◆ **Dataset excerpt**

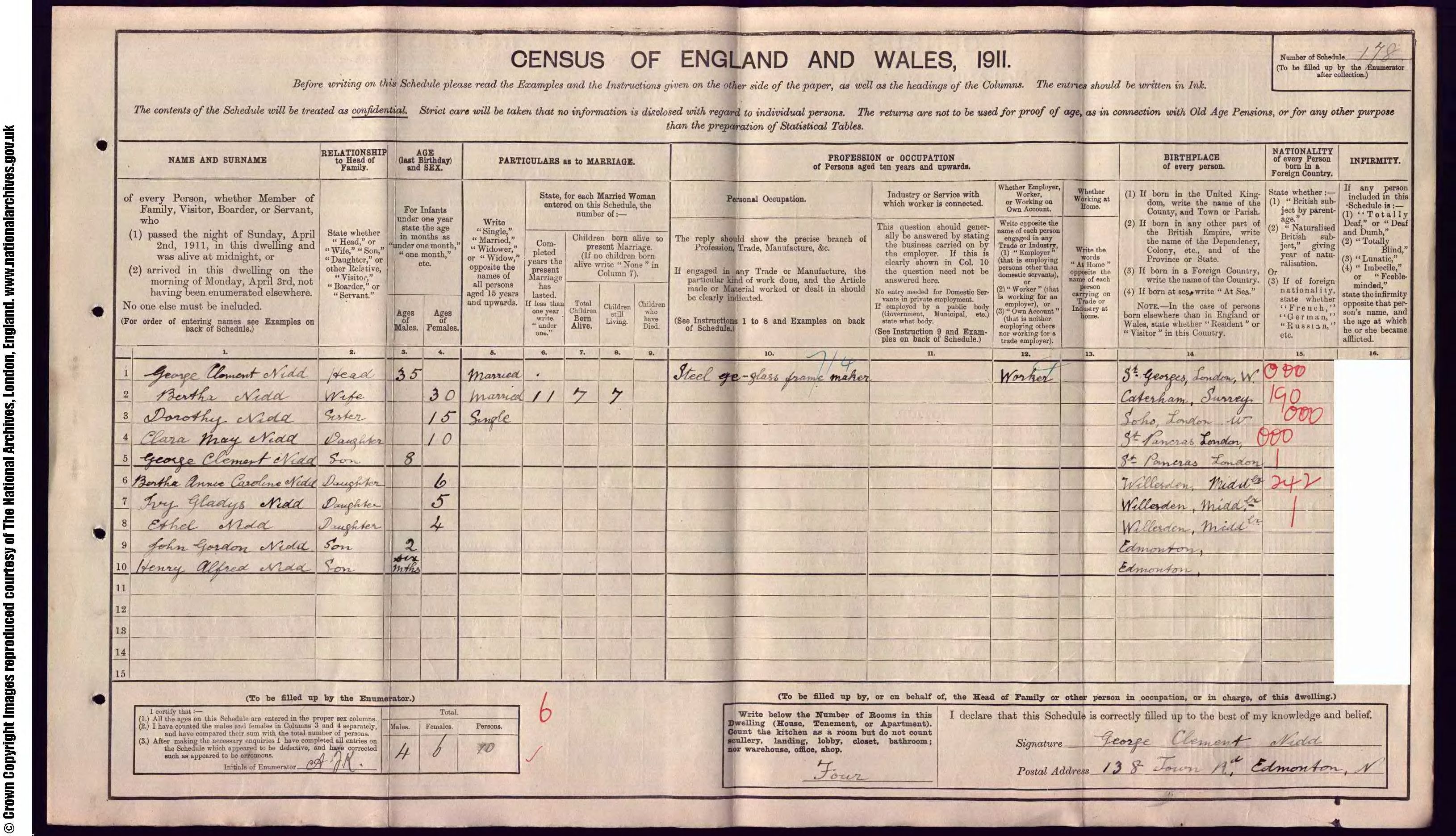 • Lived at: 138 Town Road, 1911, Edmonton, Middlesex, England.
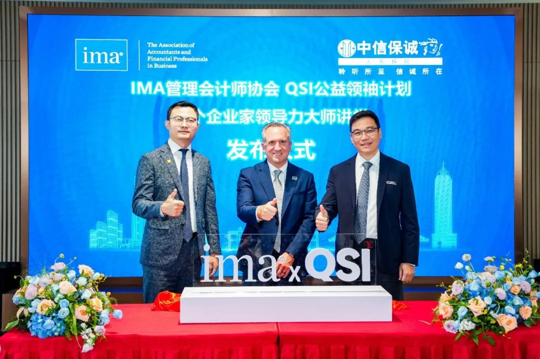 活动最后,IMA总裁及首席执行官DePrisco先生、中信保诚人寿保险有限公司湖北分公司总经理张力先生、QS中国首席教育专家李茂胜先生共同启动“QSI公益领袖计划暨首个企业家领导力大师讲堂发布仪式”。中信保诚人寿作为公益组织QS ImpACT(QSI)在中国大陆金融领域的独家公益合作伙伴,将与IMA共同推动联合国可持续发展目标(SDGs)在中国的落地与实践。三方致力于打造一个集公益实践、国际视野与专业融合于一体的高端平台。未来将定期开展公益活动,并于今年11月联合推出首期“公益领袖计划——企业家领导力大师讲堂”,融合IMA在可持续发展与财务管理方面的专业课程体系,助力青年一代及企业家在公益项目中提升战略思维、项目管理与社会影响力,培养兼具商业智慧与社会责任的领袖。
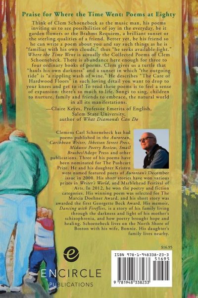 Think of Clem Schoenebeck as the music man, his poems inviting us to see possibilities of joy in the everyday, be it garden flowers or the Brahms Requiem, a brilliant sunset or the sterling qualities of a friend. Better yet, be his friend so he can write a poem about you and say such things as he is "familiar with his own clouds," thus "he seeks available light." Where the Time Went is actually the Collected Poems of Clem Schoenebeck. There is abundance here enough for three to four ordinary books of poems. Clem gives us a turtle that "hauls his own darkness" and a sunset in which "the outgoing tide" is "a rippling wash of wine." He describes "The Care of Hardwood Floors" in such loving detail you want to drop to your knees and get to it! To read these poems is to feel a sense of expansion: there's so much to life. Songs to sing, children to nurture, family and friends to embrace, the natural world in all its manifestations. -Claire Keyes, Professor Emerita of English, Salem State University, author of What Diamonds Can Do Reading the poems in Where the Time Went, I can think of no greater tribute than for Clemens Carl Schoenebeck to be called a "priest of the invisible" as Wallace Stevens might say. Witness "Alles in Ordnug," for example, where sons are reassuring their father as he takes his final breaths that "everything is fine...." This tercet's summation, "And the darkness knows everything," is the poet's ineluctable refrain of a sublime liturgy. I am especially drawn to the "FAMILY" selection, exemplified by the starkly memorable "Vespers" in which the poet, as a boy, recalls accompanying his father to the state hospital for the mentally ill "to visit my mother in her Purgatorial Home." The lines are sung by the poet who understands that only the passage of time instructs the catechism of one's heart. There are poems in Where the Time Went that will linger in your consciousness long after being read...and some will never leave. -Dennis Must, author of several story collections and novels including the forthcoming Brother Carnival

◆ **Work order**
From the first line to the last, repeat the material exactly, but drop the pictures.

◆ **Answer for this exercise**
 • Lived at: 138 Town Road, 1911, Edmonton, Middlesex, England.
 活动最后,IMA总裁及首席执行官DePrisco先生、中信保诚人寿保险有限公司湖北分公司总经理张力先生、QS中国首席教育专家李茂胜先生共同启动“QSI公益领袖计划暨首个企业家领导力大师讲堂发布仪式”。中信保诚人寿作为公益组织QS ImpACT(QSI)在中国大陆金融领域的独家公益合作伙伴,将与IMA共同推动联合国可持续发展目标(SDGs)在中国的落地与实践。三方致力于打造一个集公益实践、国际视野与专业融合于一体的高端平台。未来将定期开展公益活动,并于今年11月联合推出首期“公益领袖计划——企业家领导力大师讲堂”,融合IMA在可持续发展与财务管理方面的专业课程体系,助力青年一代及企业家在公益项目中提升战略思维、项目管理与社会影响力,培养兼具商业智慧与社会责任的领袖。
 Think of Clem Schoenebeck as the music man, his poems inviting us to see possibilities of joy in the everyday, be it garden flowers or the Brahms Requiem, a brilliant sunset or the sterling qualities of a friend. Better yet, be his friend so he can write a poem about you and say such things as he is "familiar with his own clouds," thus "he seeks available light." Where the Time Went is actually the Collected Poems of Clem Schoenebeck. There is abundance here enough for three to four ordinary books of poems. Clem gives us a turtle that "hauls his own darkness" and a sunset in which "the outgoing tide" is "a rippling wash of wine." He describes "The Care of Hardwood Floors" in such loving detail you want to drop to your knees and get to it! To read these poems is to feel a sense of expansion: there's so much to life. Songs to sing, children to nurture, family and friends to embrace, the natural world in all its manifestations. -Claire Keyes, Professor Emerita of English, Salem State University, author of What Diamonds Can Do Reading the poems in Where the Time Went, I can think of no greater tribute than for Clemens Carl Schoenebeck to be called a "priest of the invisible" as Wallace Stevens might say. Witness "Alles in Ordnug," for example, where sons are reassuring their father as he takes his final breaths that "everything is fine...." This tercet's summation, "And the darkness knows everything," is the poet's ineluctable refrain of a sublime liturgy. I am especially drawn to the "FAMILY" selection, exemplified by the starkly memorable "Vespers" in which the poet, as a boy, recalls accompanying his father to the state hospital for the mentally ill "to visit my mother in her Purgatorial Home." The lines are sung by the poet who understands that only the passage of time instructs the catechism of one's heart. There are poems in Where the Time Went that will linger in your consciousness long after being read...and some will never leave. -Dennis Must, author of several story collections and novels including the forthcoming Brother Carnival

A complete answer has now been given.